3) If you have several hundred users or you have so much data that you need to manage it with dedicated capacity, it may be cost-effective to purchase a Premium capacity tenant for a few thousand dollars a month.  Pro licenses are still required to publish reports but anyone in the organization can view published reports online or an on-premises Power BI Report Server.

Power BI Subscription Basics

Let’s say that I work for XYZ company and my work address is Paul@xyz.com.  Assuming that a Power BI subscription doesn’t yet exist, if I go to PowerBI.com and setup an account using my email address, I have created a Power BI subscription for my company that is a tenant within the Power BI service.  I could be the janitor for a multinational corporation but I am now the administrator of the tenant.
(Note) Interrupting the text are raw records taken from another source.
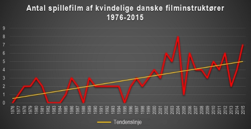 Mændene har i perioden stået for 504 spillefilm, kvinderne for 100. Kvinder har gennemsnitligt stået bag fem film årligt i de første tretten år af dette årtusind, mod gennemsnitligt halvanden film årligt i de sidste 24 år af det forrige.
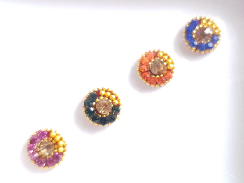 Our quality bindis are self adhesive and are ready to use. We recommend that after use, you put them back in its original packaging for extended wear and reuse. All bindis are delicate, so should be peeled gently out of the package to prevent any damage. Can be used as embellishments for crafts and scrapbooking too.
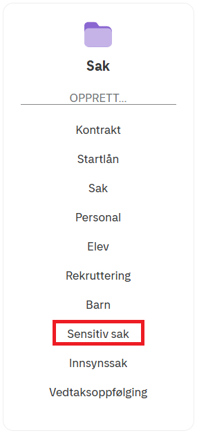 Noen ganger kan det være behov for å opprette en sensitiv sak i P360. Formålet med en sensitiv sak er å begrense tilgangen til saken, ved at det ikke er mulig å velge tilgangsgruppe. I utgangspunktet vil da kun personen som oppretter saken og er ansvarlig for den, ha tilgang. Andre personer må spesifikt gis tilgang.
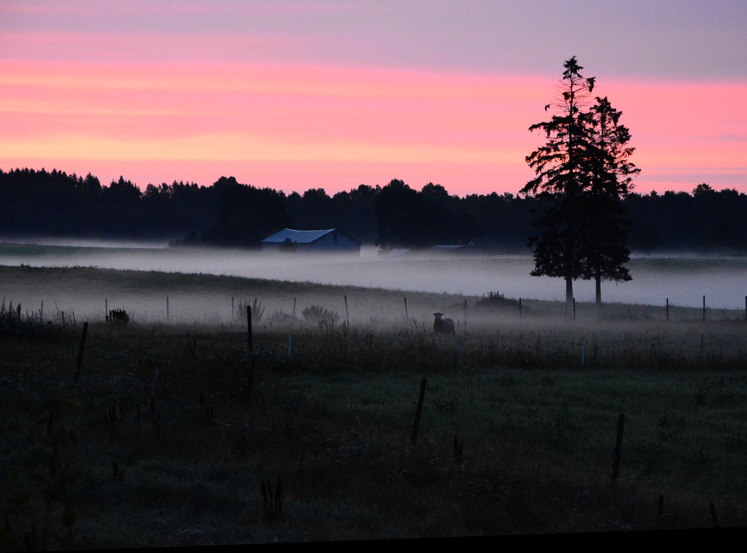 WE were lucky to have sunshine this morning and I could see morning mist in the village when looking out the window. I knew we wouldn’t get out in time to catch it with the camera so I took a couple of photos from my window. It was so chilly outside so I could see my breath when breathing 🙂 🙂

By way of definitions; the Power BI Service is the entire Power BI offering within the Microsoft Azure cloud.  At any time, it could encompass hundreds of virtual machines geolocated in data centers throughout the world.  When you subscribe to the service, you are – in effect – renting some space within the service.  The “space” that you rent and manage for your subscription is called a tenant.  It’s sort of like renting some office space or an apartment in a large building.  You don’t really own it but you are paying for the right to live there.  You can read about these and other administrative concepts here.

After setting up a new Power BI subscription, you really have one of two options:

1) If you have the authority to purchase licensing and manage services on behalf of your organization, proceed to purchase and assign licenses for report developers and users.

2) Make a service request or contact the appropriate administrator within your organization to add and assign licenses.  This might be your help desk, systems or operations admin or Office/cloud services administrator.

The Admin Take-Over

After a “less privileged” user sets up the first Power BI subscription for the organization, no one else can do the same.  This can be a little confusing if some person in Finance sets-up a trial account and then a BI developer tries to do the same thing.  If the organization plans to move-forward with a governed Power BI tenant, they can perform an “Admin Take-Over”.  Contrary to what the name suggests, this is not the same as a government coupe with troopers storming the building in Kevlar vests and automatic weapons.  It simply means that an administrator assumes control of the new tenant and transfers admin rights from the person who established the subscription the appropriate person(s).  Adam Saxton describes who this works in this Guy-In-A-Cube installment.

Paul Turley

Paul Turley

Microsoft Data Platform MVP, Principal Consultant for 3Cloud Solutions Specializing in Business Intelligence, SQL Server solutions, Power BI, Analysis Services & Reporting Services.

3 thoughts on “How to Assign Pro Licenses to a Power BI Tenant

  1. Paul,
    it’s not clear how this affects Power BI Server on Premises. Does the permissions work the same so when a Power BI Pro User opens the desktop app and signs in, it recognizes that the user is a Pro User so any reports saved to the Power Bi Server on premises are available to all users to view the reports only without having the Desktop App?

  2. How can MS make it so difficult to understand the licensing? This is the first time I’ve seen the simple truth about Power BI licenses written down clearly and concisely, thank you.